═════ Dataset records

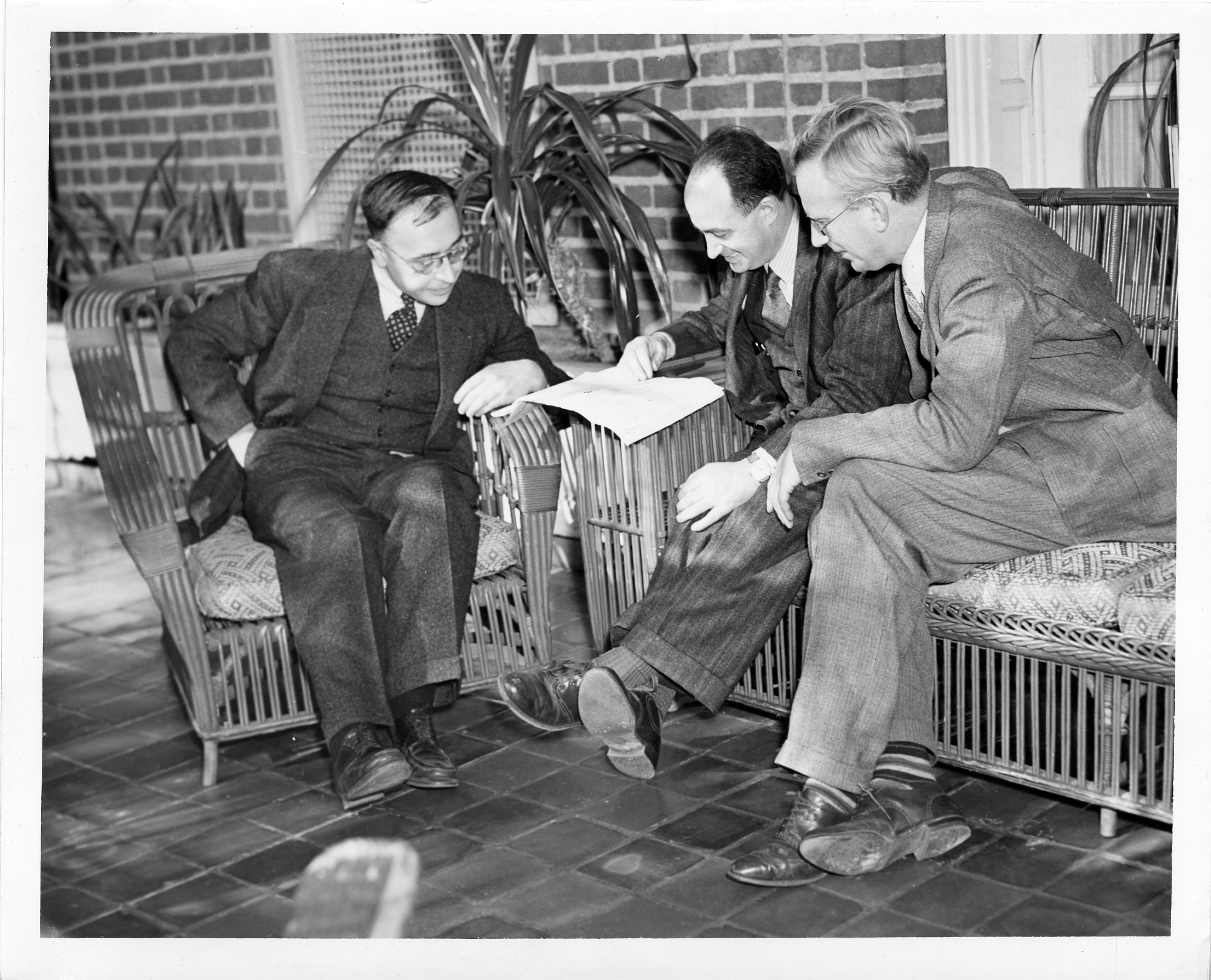 left to right: Gregory Breit (1899-1981), Professor of Physics, University of Wisconsin; Nobel laureate and physicist Enrico Fermi (1901-1954); and George Gamow (1904-1908), Professor of Physics, George Washington University. Fermi had immigrated to the United States on January 2, 1939, and had accepted an appointment at Columbia University. The physicists were attending the Fifth Washington Conference on Theoretical Physics, Washington, D.C., January 26 to 28, 1939.
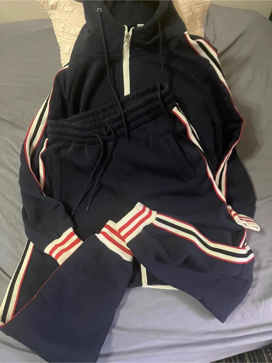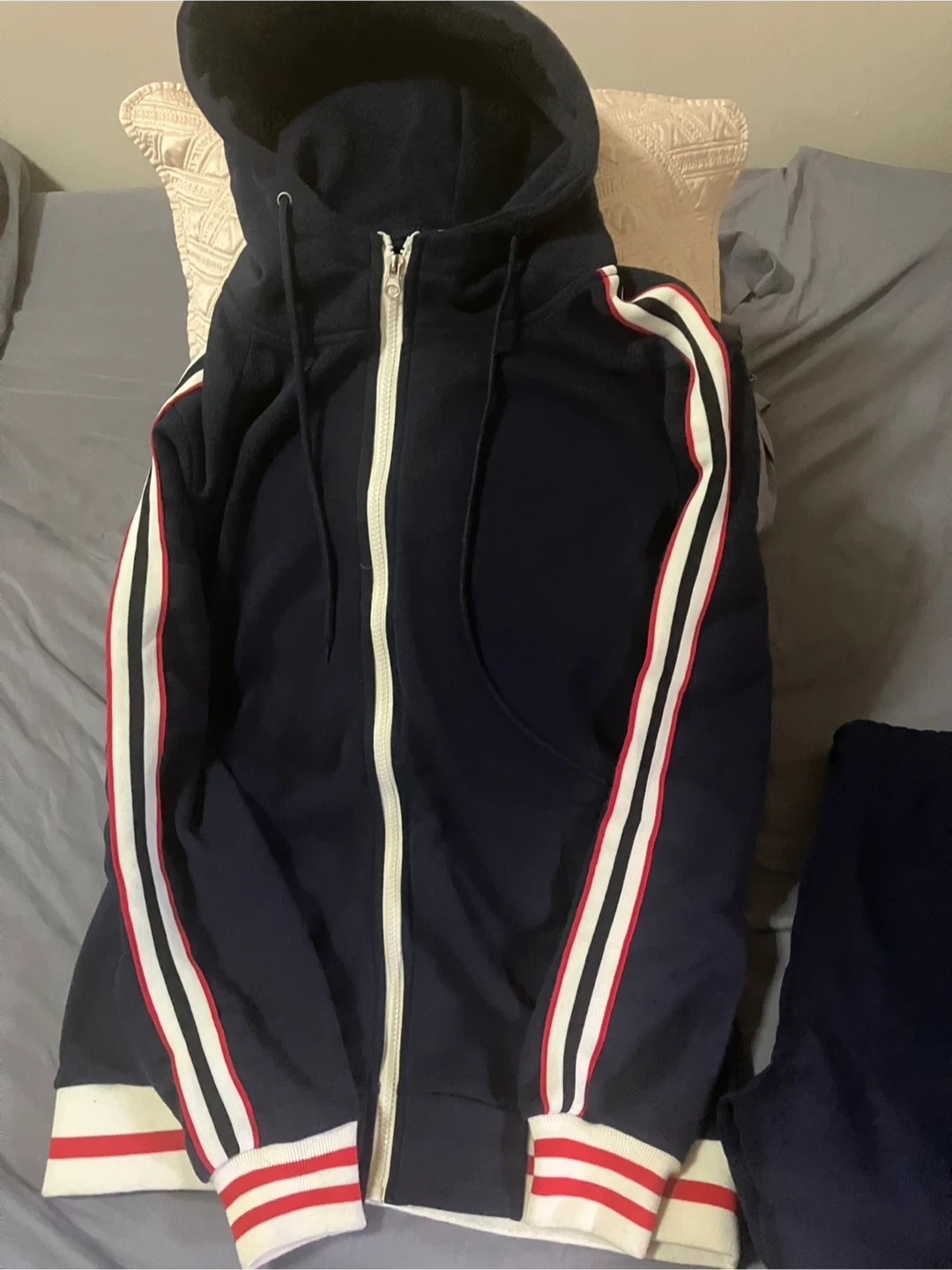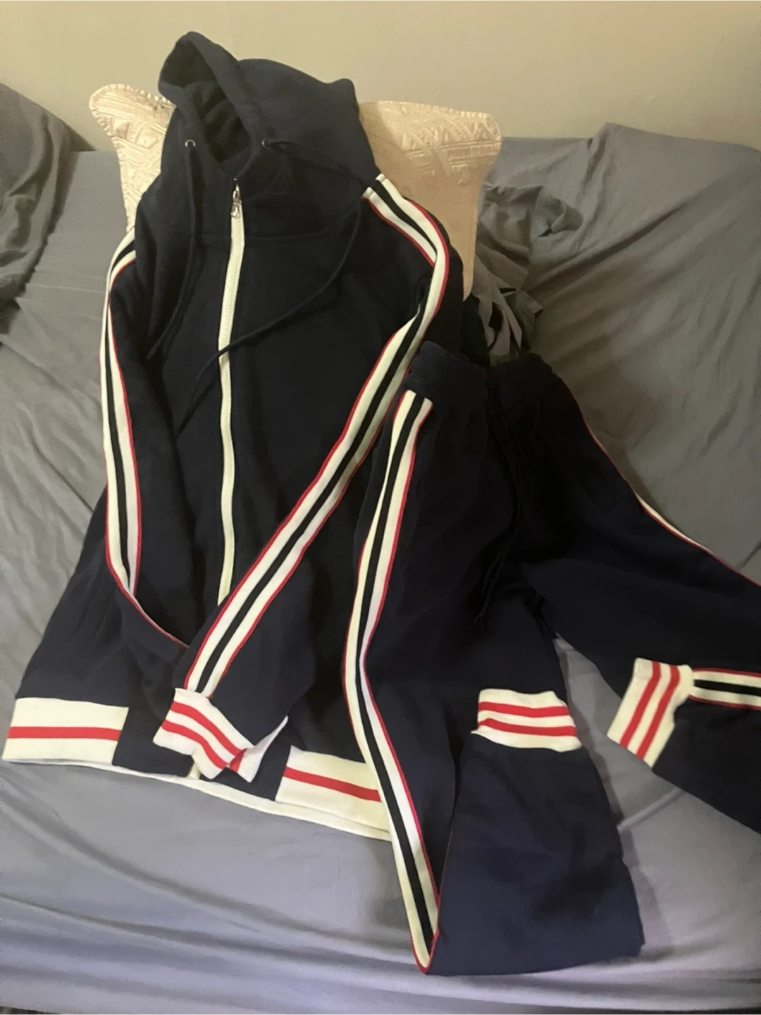 Great condition, great quality. Size S (could fit size M as well). Paid $120 for it, great price. Hoodie & Pants included!
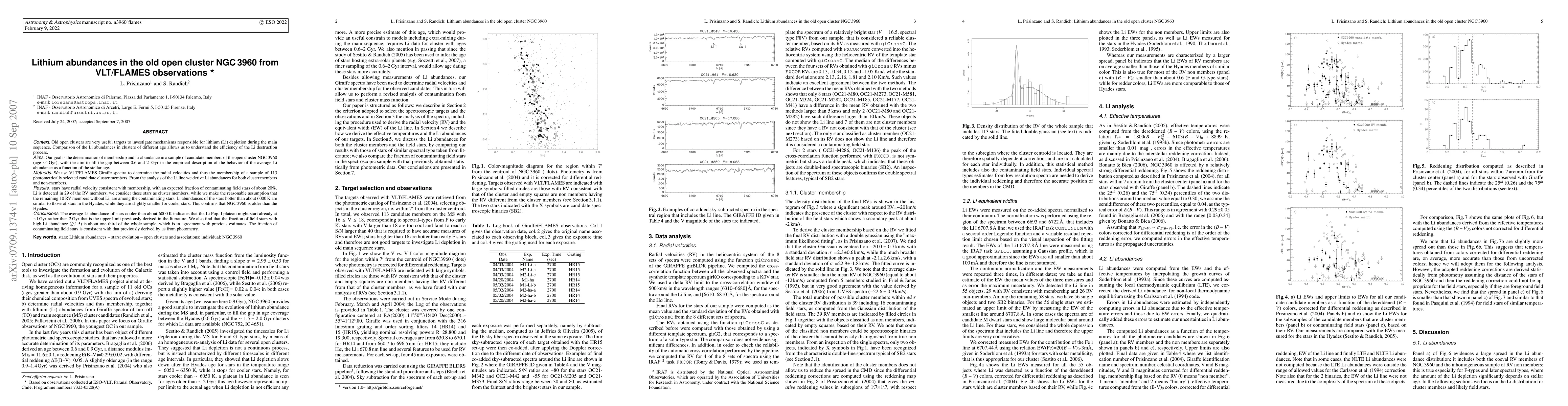 Old open clusters are very useful targets to investigate mechanisms responsible for lithium (Li) depletion during the main sequence. Comparison of the Li abundances in clusters of different age allows us to understand the efficiency of the Li destruction process. Our goal is the determination of membership and Li abundance in a sample of candidate members of the open cluster NGC 3960 (age ~1 Gyr), with the aim to fill the gap between 0.6 and 2 Gyr in the empirical description of the behavior of the average Li abundance as a function of the stellar age. We use VLT/FLAMES Giraffe spectra to determine the radial velocities and thus the membership of a sample of 113 photometrically selected candidate cluster members. From the analysis of the Li line we derive Li abundances for both cluster members and non-members. 39 stars have radial velocity consistent with membership, with an expected fraction of contaminating field stars of about 20%. Li is detected in 29 of the RV members; we consider these stars as cluster members, while we make the reasonable assumption that the remaining 10 RV members without Li, are among the contaminating stars. Li abundances of the stars hotter than about 6000 K are similar to those of stars in the Hyades, while they are slightly smaller for cooler stars. This confirms that NGC 3960 is older than the Hyades. The average Li abundance of stars cooler than about 6000 K indicates that the Li Pop. I plateau might start already at ~1 Gyr rather than 2 Gyr that is the upper limit previously derived in the literature. We also find that the fraction of field stars with high Li abundance (>1.5) is about one third of the whole sample, which is in agreement with previous estimates. The fraction of contaminating field stars is consistent with that previously derived by us from photometry.
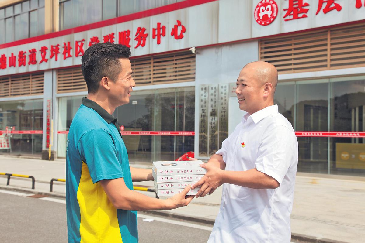 江蘇各地郵政充分發(fā)揮勞模先進(jìn)引領(lǐng)作用,持續(xù)拓展《習(xí)近平談治國(guó)理政》第五卷發(fā)行的深度和廣度。徐州市郵政分公司在各網(wǎng)點(diǎn)積極營(yíng)造圖書發(fā)行宣傳的濃厚氛圍,同時(shí)開(kāi)展“勞模領(lǐng)學(xué)”活動(dòng)。江蘇省勞模、豐縣郵政分公司王溝支局投遞員趙本增帶領(lǐng)“勞模創(chuàng)新工作室”的黨員共同學(xué)理論、悟原理。他還來(lái)到王溝鎮(zhèn)程集村村委會(huì),開(kāi)展政務(wù)圖書發(fā)行宣講活動(dòng)。蘇州市郵政分公司組建重大主題圖書發(fā)行專班,覆蓋征訂、供貨、配送等全流程,嚴(yán)控“安全、及時(shí)、準(zhǔn)確”三大標(biāo)準(zhǔn);優(yōu)化干支線運(yùn)輸銜接,確保圖書第一時(shí)間送達(dá);在線下網(wǎng)點(diǎn)、黨建陣地,發(fā)揮勞模代表和先進(jìn)典型的帶動(dòng)作用,營(yíng)造濃厚的學(xué)習(xí)、宣傳氛圍?;窗彩泻闈蓞^(qū)郵政分公司邀請(qǐng)全國(guó)勞模、退休員工唐真亞深入基層單位開(kāi)展圖書征訂宣傳。在老子山鎮(zhèn)政務(wù)服務(wù)中心的宣講會(huì)上,唐真亞結(jié)合自身25年“水上郵路”的服務(wù)經(jīng)歷,以樸實(shí)生動(dòng)的語(yǔ)言分享了《習(xí)近平談治國(guó)理政》第五卷學(xué)習(xí)感悟,引發(fā)大家的共鳴。宿遷市勞模、宿遷市城區(qū)郵政分公司來(lái)龍支局負(fù)責(zé)人王永震走進(jìn)宿豫區(qū)來(lái)龍鎮(zhèn)光明社區(qū),和社區(qū)黨員一起學(xué)習(xí)《習(xí)近平談治國(guó)理政》第五卷。他結(jié)合書中“扎實(shí)推進(jìn)共同富?!钡膬?nèi)容,分享了宿遷郵政助力鄉(xiāng)村振興的實(shí)踐案例,得到大家的認(rèn)同。
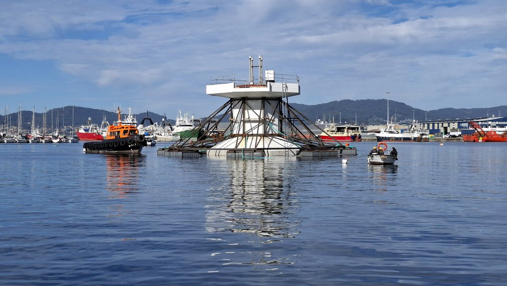 Una vez complete su singladura hacia Bouzas, el visor será posicionado y lastrado gradualmente con agua de mar en sus tanques interiores. Se trata de un proceso lento y paulatino para asegurar que se alcanza la ubicación precisa, ya que el margen de error para su posicionamiento final es de muy pocos centímetros.
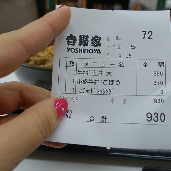 第一顿去了[吉野家],呵呵,北京经常吃到,想看看在日本味道会有什么不同。首先吉野家在日本基本都是回转式,有点想咱们的回转寿司,价格跟北京也差不多。。味道也很接近,最爱的一点是他们的辣椒粉,不辣但是很香,太爱了以至于吃了很多。。 2个套餐:930円,50元左右吧。
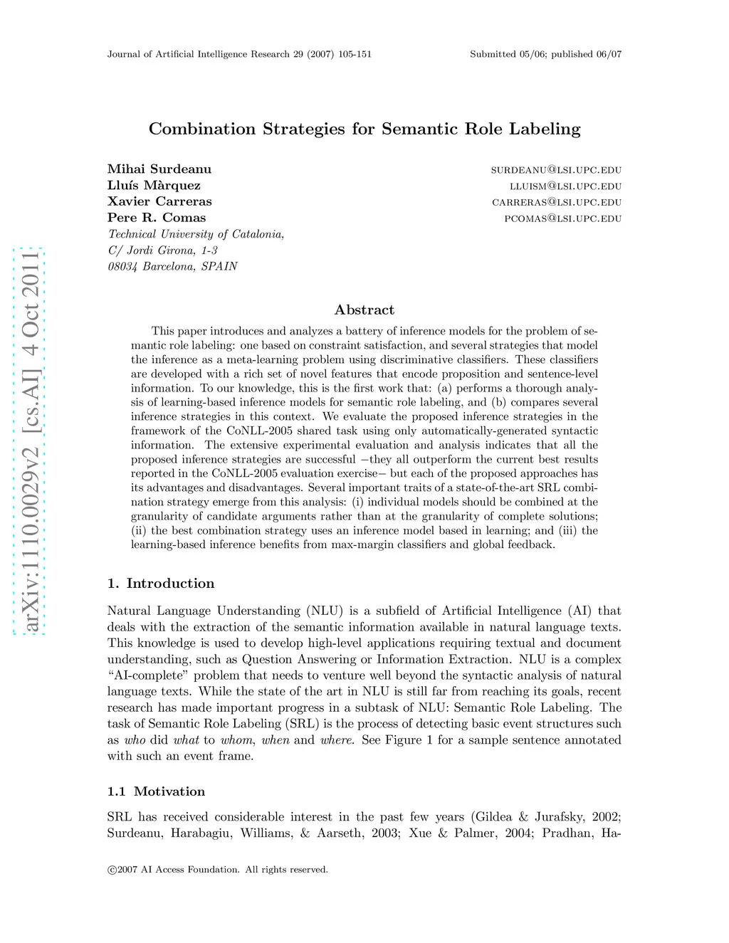 This paper introduces and analyzes a battery of inference models for the problem of semantic role labeling: one based on constraint satisfaction, and several strategies that model the inference as a meta-learning problem using discriminative classifiers. These classifiers are developed with a rich set of novel features that encode proposition and sentence-level information. To our knowledge, this is the first work that: (a) performs a thorough analysis of learning-based inference models for semantic role labeling, and (b) compares several inference strategies in this context. We evaluate the proposed inference strategies in the framework of the CoNLL-2005 shared task using only automatically-generated syntactic information. The extensive experimental evaluation and analysis indicates that all the proposed inference strategies are successful -they all outperform the current best results reported in the CoNLL-2005 evaluation exercise- but each of the proposed approaches has its advantages and disadvantages. Several important traits of a state-of-the-art SRL combination strategy emerge from this analysis: (i) individual models should be combined at the granularity of candidate arguments rather than at the granularity of complete solutions; (ii) the best combination strategy uses an inference model based in learning; and (iii) the learning-based inference benefits from max-margin classifiers and global feedback.
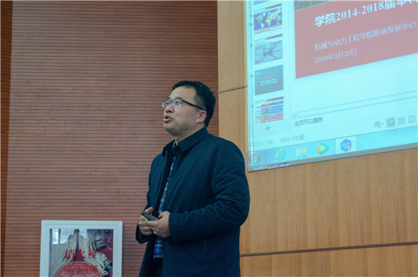 首先,由学院党委副书记顾希垚介绍学院2014-2018届本科毕业生的去向。他强调了大机械学科的重要性,分析了各专业本科生毕业之后的去向和去年的考研情况。

══════════

→ **Your task**: Each entry above must be printed exactly, apart from its pictures.

→ **Answer to the problem**:
 left to right: Gregory Breit (1899-1981), Professor of Physics, University of Wisconsin; Nobel laureate and physicist Enrico Fermi (1901-1954); and George Gamow (1904-1908), Professor of Physics, George Washington University. Fermi had immigrated to the United States on January 2, 1939, and had accepted an appointment at Columbia University. The physicists were attending the Fifth Washington Conference on Theoretical Physics, Washington, D.C., January 26 to 28, 1939.
 Great condition, great quality. Size S (could fit size M as well). Paid $120 for it, great price. Hoodie & Pants included!
 Old open clusters are very useful targets to investigate mechanisms responsible for lithium (Li) depletion during the main sequence. Comparison of the Li abundances in clusters of different age allows us to understand the efficiency of the Li destruction process. Our goal is the determination of membership and Li abundance in a sample of candidate members of the open cluster NGC 3960 (age ~1 Gyr), with the aim to fill the gap between 0.6 and 2 Gyr in the empirical description of the behavior of the average Li abundance as a function of the stellar age. We use VLT/FLAMES Giraffe spectra to determine the radial velocities and thus the membership of a sample of 113 photometrically selected candidate cluster members. From the analysis of the Li line we derive Li abundances for both cluster members and non-members. 39 stars have radial velocity consistent with membership, with an expected fraction of contaminating field stars of about 20%. Li is detected in 29 of the RV members; we consider these stars as cluster members, while we make the reasonable assumption that the remaining 10 RV members without Li, are among the contaminating stars. Li abundances of the stars hotter than about 6000 K are similar to those of stars in the Hyades, while they are slightly smaller for cooler stars. This confirms that NGC 3960 is older than the Hyades. The average Li abundance of stars cooler than about 6000 K indicates that the Li Pop. I plateau might start already at ~1 Gyr rather than 2 Gyr that is the upper limit previously derived in the literature. We also find that the fraction of field stars with high Li abundance (>1.5) is about one third of the whole sample, which is in agreement with previous estimates. The fraction of contaminating field stars is consistent with that previously derived by us from photometry.
 江蘇各地郵政充分發(fā)揮勞模先進(jìn)引領(lǐng)作用,持續(xù)拓展《習(xí)近平談治國(guó)理政》第五卷發(fā)行的深度和廣度。徐州市郵政分公司在各網(wǎng)點(diǎn)積極營(yíng)造圖書發(fā)行宣傳的濃厚氛圍,同時(shí)開(kāi)展“勞模領(lǐng)學(xué)”活動(dòng)。江蘇省勞模、豐縣郵政分公司王溝支局投遞員趙本增帶領(lǐng)“勞模創(chuàng)新工作室”的黨員共同學(xué)理論、悟原理。他還來(lái)到王溝鎮(zhèn)程集村村委會(huì),開(kāi)展政務(wù)圖書發(fā)行宣講活動(dòng)。蘇州市郵政分公司組建重大主題圖書發(fā)行專班,覆蓋征訂、供貨、配送等全流程,嚴(yán)控“安全、及時(shí)、準(zhǔn)確”三大標(biāo)準(zhǔn);優(yōu)化干支線運(yùn)輸銜接,確保圖書第一時(shí)間送達(dá);在線下網(wǎng)點(diǎn)、黨建陣地,發(fā)揮勞模代表和先進(jìn)典型的帶動(dòng)作用,營(yíng)造濃厚的學(xué)習(xí)、宣傳氛圍?;窗彩泻闈蓞^(qū)郵政分公司邀請(qǐng)全國(guó)勞模、退休員工唐真亞深入基層單位開(kāi)展圖書征訂宣傳。在老子山鎮(zhèn)政務(wù)服務(wù)中心的宣講會(huì)上,唐真亞結(jié)合自身25年“水上郵路”的服務(wù)經(jīng)歷,以樸實(shí)生動(dòng)的語(yǔ)言分享了《習(xí)近平談治國(guó)理政》第五卷學(xué)習(xí)感悟,引發(fā)大家的共鳴。宿遷市勞模、宿遷市城區(qū)郵政分公司來(lái)龍支局負(fù)責(zé)人王永震走進(jìn)宿豫區(qū)來(lái)龍鎮(zhèn)光明社區(qū),和社區(qū)黨員一起學(xué)習(xí)《習(xí)近平談治國(guó)理政》第五卷。他結(jié)合書中“扎實(shí)推進(jìn)共同富?!钡膬?nèi)容,分享了宿遷郵政助力鄉(xiāng)村振興的實(shí)踐案例,得到大家的認(rèn)同。
 Una vez complete su singladura hacia Bouzas, el visor será posicionado y lastrado gradualmente con agua de mar en sus tanques interiores. Se trata de un proceso lento y paulatino para asegurar que se alcanza la ubicación precisa, ya que el margen de error para su posicionamiento final es de muy pocos centímetros.
 第一顿去了[吉野家],呵呵,北京经常吃到,想看看在日本味道会有什么不同。首先吉野家在日本基本都是回转式,有点想咱们的回转寿司,价格跟北京也差不多。。味道也很接近,最爱的一点是他们的辣椒粉,不辣但是很香,太爱了以至于吃了很多。。 2个套餐:930円,50元左右吧。
 This paper introduces and analyzes a battery of inference models for the problem of semantic role labeling: one based on constraint satisfaction, and several strategies that model the inference as a meta-learning problem using discriminative classifiers. These classifiers are developed with a rich set of novel features that encode proposition and sentence-level information. To our knowledge, this is the first work that: (a) performs a thorough analysis of learning-based inference models for semantic role labeling, and (b) compares several inference strategies in this context. We evaluate the proposed inference strategies in the framework of the CoNLL-2005 shared task using only automatically-generated syntactic information. The extensive experimental evaluation and analysis indicates that all the proposed inference strategies are successful -they all outperform the current best results reported in the CoNLL-2005 evaluation exercise- but each of the proposed approaches has its advantages and disadvantages. Several important traits of a state-of-the-art SRL combination strategy emerge from this analysis: (i) individual models should be combined at the granularity of candidate arguments rather than at the granularity of complete solutions; (ii) the best combination strategy uses an inference model based in learning; and (iii) the learning-based inference benefits from max-margin classifiers and global feedback.
 首先,由学院党委副书记顾希垚介绍学院2014-2018届本科毕业生的去向。他强调了大机械学科的重要性,分析了各专业本科生毕业之后的去向和去年的考研情况。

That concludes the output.